Arthur Collins (1845-1911) was born the seventh child of an Anglican minister “of an old Berkshire family, which appears to have been settled in the county since the time of Henry VI” (Daily Telegraph, 23 November 1911, p. 5). He was sent to “Marlborough College, with a view to a military career” (Daily Telegraph, 23 November 1911, p. 5). In 1864, he purchased a commission as Ensign in the 57th Regiment of Foot, purchased promotion to Lieutenant in 1868, and then was promoted to Captain in 1873. He fought in South Africa in 1879 in what was called the “Zulu Campaign.” He was promoted to Major in 1881 and retired from the army in 1885 with the honorary rank of Lieutenant-Colonel.
Collins had been presented to the Prince of Wales in 1868 and his subsequent military service earned him the opportunity to serve members of the Royal Family as equerry.

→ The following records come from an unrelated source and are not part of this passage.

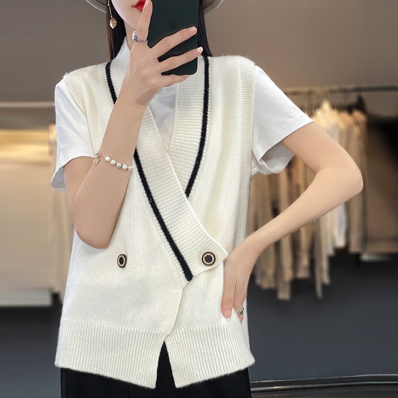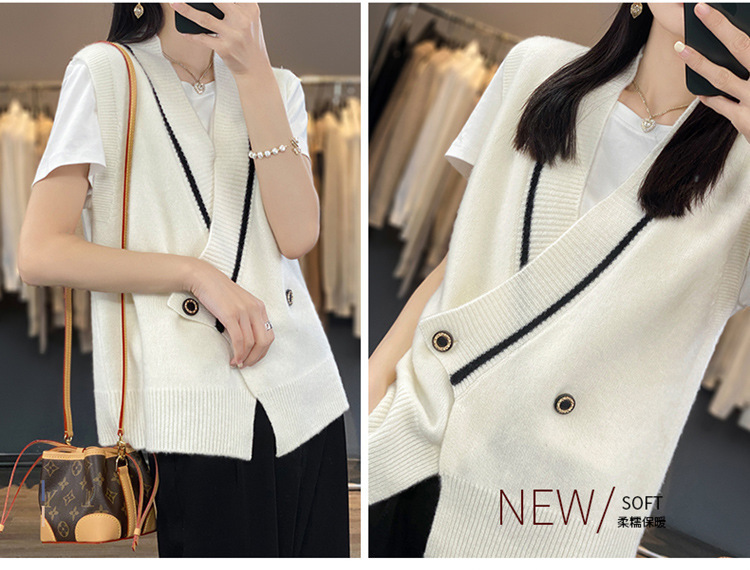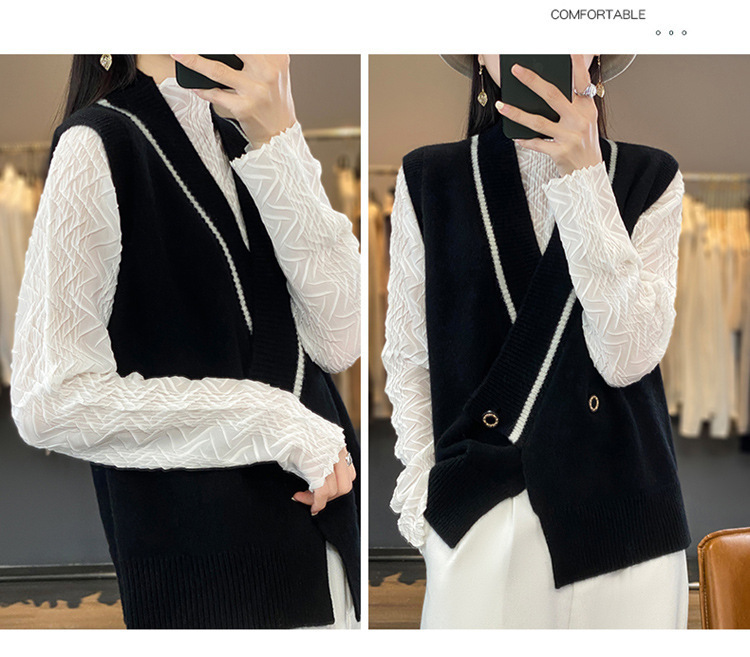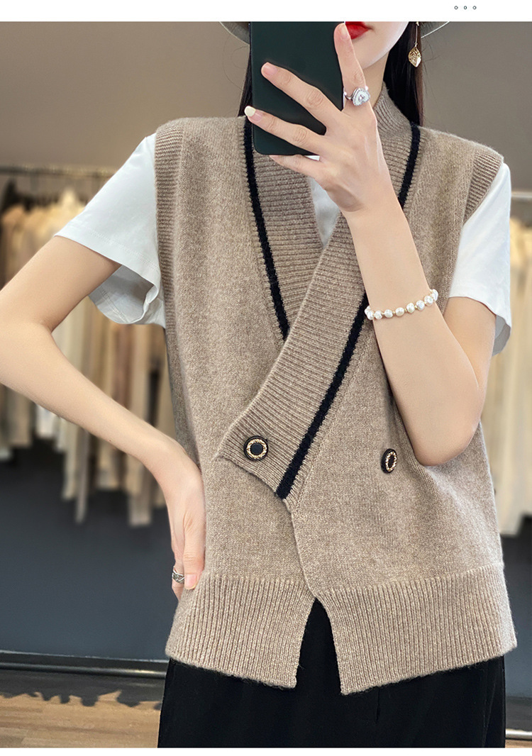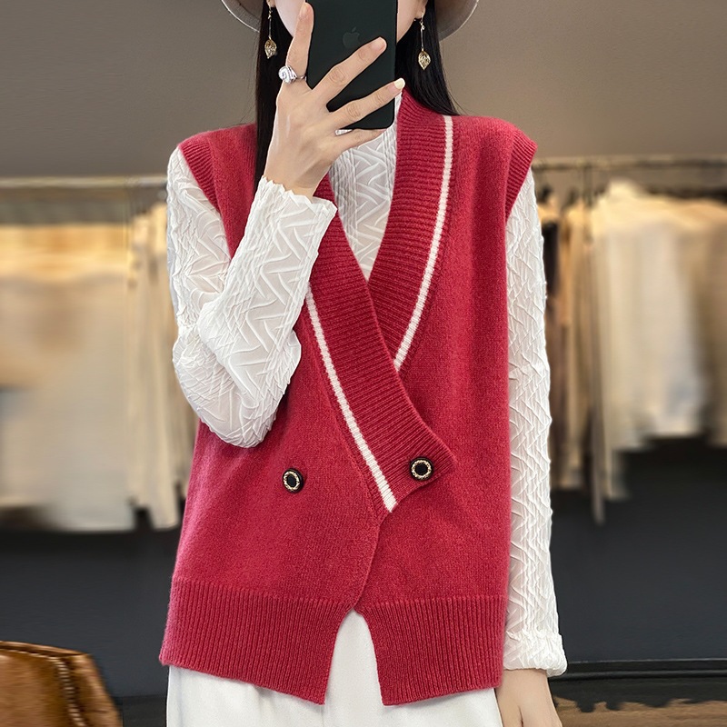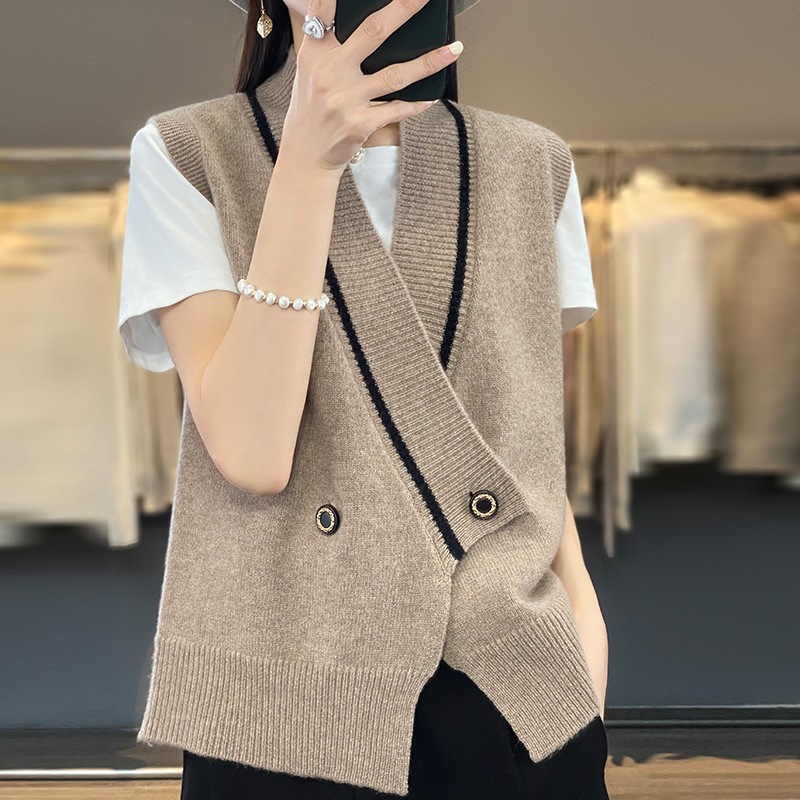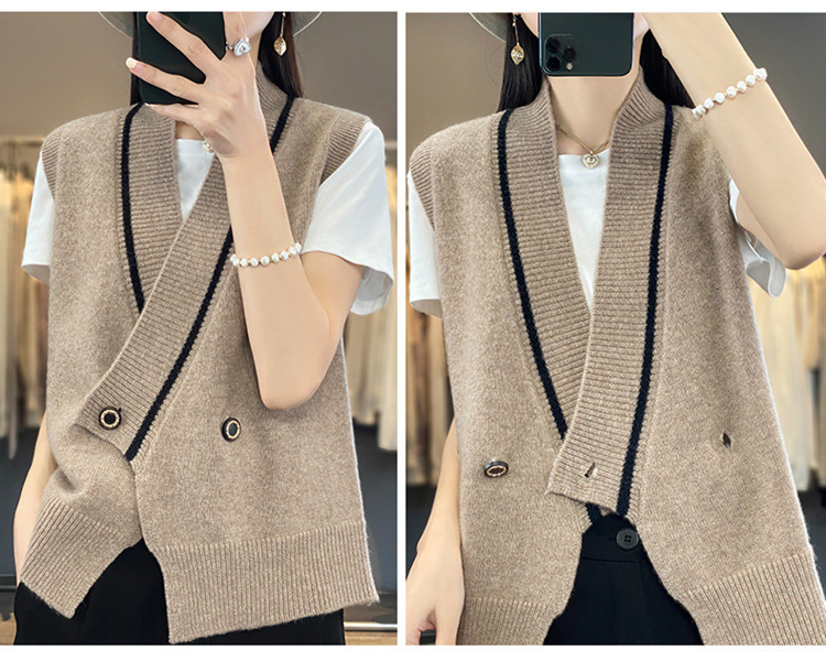 여성용 조끼 니트 조끼 봄, 가을 2025 새로운 v 넥 느슨한 게으른 스웨터 여성용 겉옷을위한 세련된 레이어드 탑스토어 가기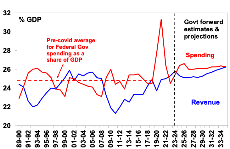 This Budget like all of those since 2020 has again benefitted from extra revenue flows coming from higher personal tax collections due to stronger jobs growth and higher commodity prices (and hence mining profits) than assumed. This is not smart management but good luck flowing from conservative forecasts. This windfall (see the line called “parameter changes” in the next table) is estimated to reduce the deficit this financial year by $10.6bn compared to last December’s update, with a total benefit over the five years shown of $12.6bn. But this table – a more detailed version of which appears in the Budget papers and is nicknamed the “table of truth” – also shows how much of the windfall has been spent (see the line called “new stimulus”). Last year only 14% of the windfall through the forward years was spent but this budget nearly twice the windfall (i.e. $24.4bn) is being spent. As a result, while the budget now looks better for this financial year (with another surplus – which could turn out to be even bigger), because of the extra spending in subsequent years it now looks worse from 2024-25.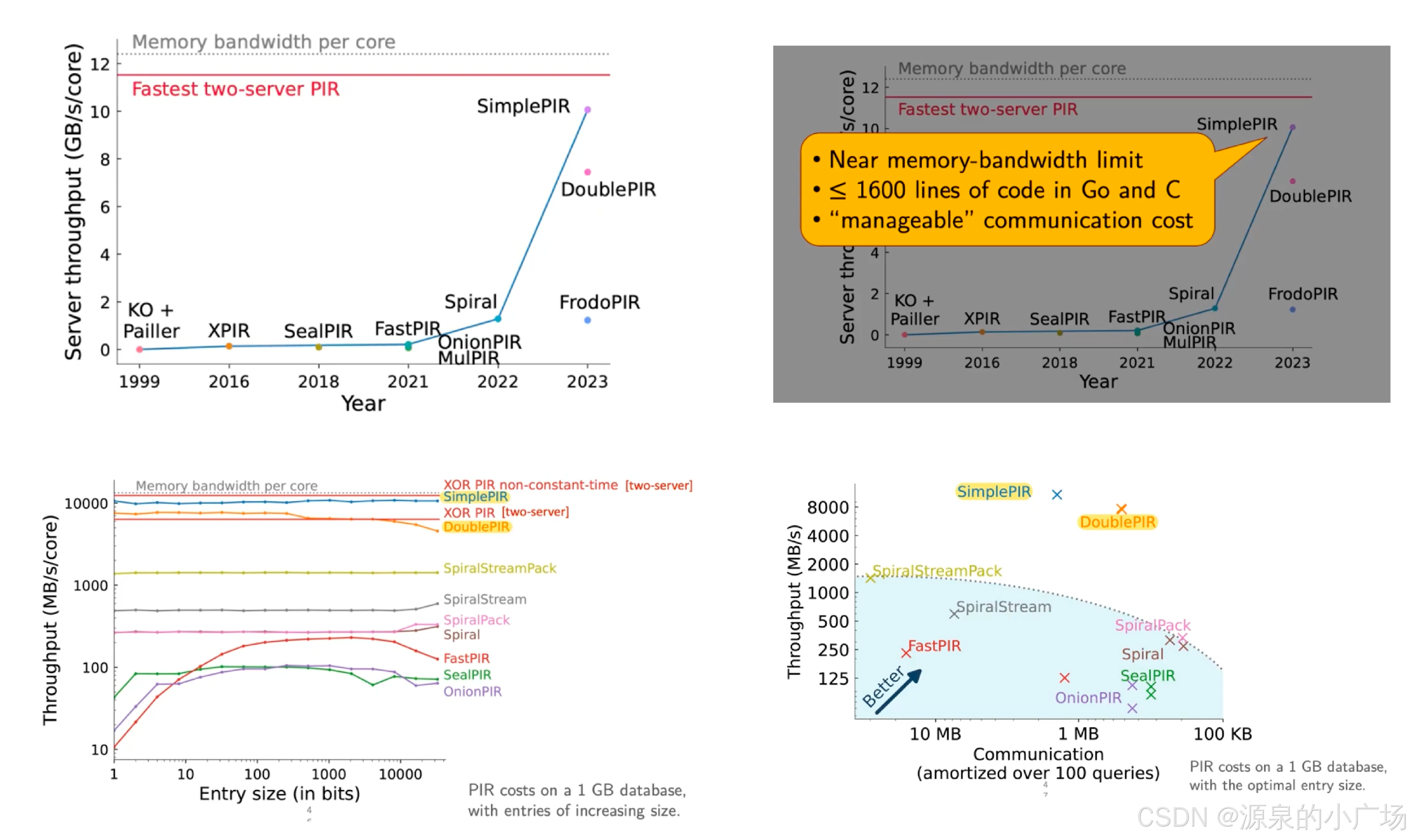 先来看下该算法的性能表现,性能好才值得深入。可以看到,Simple PIR直接将匿踪查询的生产性能门槛打掉了,服务端吞吐量(处理性能)基本接近最快的two-server PIR,而且在通信消耗上也是能接受的,如果是对通信量要求高的场景,可以采用DoublePIR,虽然服务端处理性能大概会比SimplePIR少1/3左右,但是通信消耗基本与SealPIR相当,且服务端处理性能是SealPIR的近60倍【1,2】。

Figure 23 Major Arthur Collins (standing) and Princess Louise at Rideau Hall, 1881.
By January of 1880, Captain Collins was in attendance upon Princess Louise, and she appointed him her Equerry in April. He was promoted in Canada to the role of comptroller of the Governor-General’s household until Lord Lorne and Princess Louise returned to Britain at the end of October in 1883.
Upon his return to Britain, he continued to serve in the household of Princess Louise. He regularly represented her on certain state occasions, as at the funerals of primer ministers Benjamin Disraeli and William Ewart Gladstone.
Collins came to be highly esteemed by a wide range of members of the Royal Family, with whom he enjoyed both professional and personal relationships.
Figure 24 Captain Arthur Collins in the pose of an aesthete at the Citadel, Quebec City, circa 1880. R.H. Hubbard, Rideau Hall: An Illustrated History of Government House (Ottawa: Government House, 1977), p. 49.
He produced, directed, and acted in amateur theatrical performances by various members of the Royal Family: “He had much to do with the dramatic performances that were given at Windsor Castle …. He was especially a devoted friend of many prominent members of the dramatic profession, and a constant visitor to the principal theatres of the metropolis” (Daily Telegraph, 23 November 1911, p. 5). He was regarded as an outstanding actor himself and was a close friend of composer Arthur Sullivan (serving as a pall bearer at the 1900 funeral of this co-creator with dramatist W.S. Gilbert of so many famous comic operas).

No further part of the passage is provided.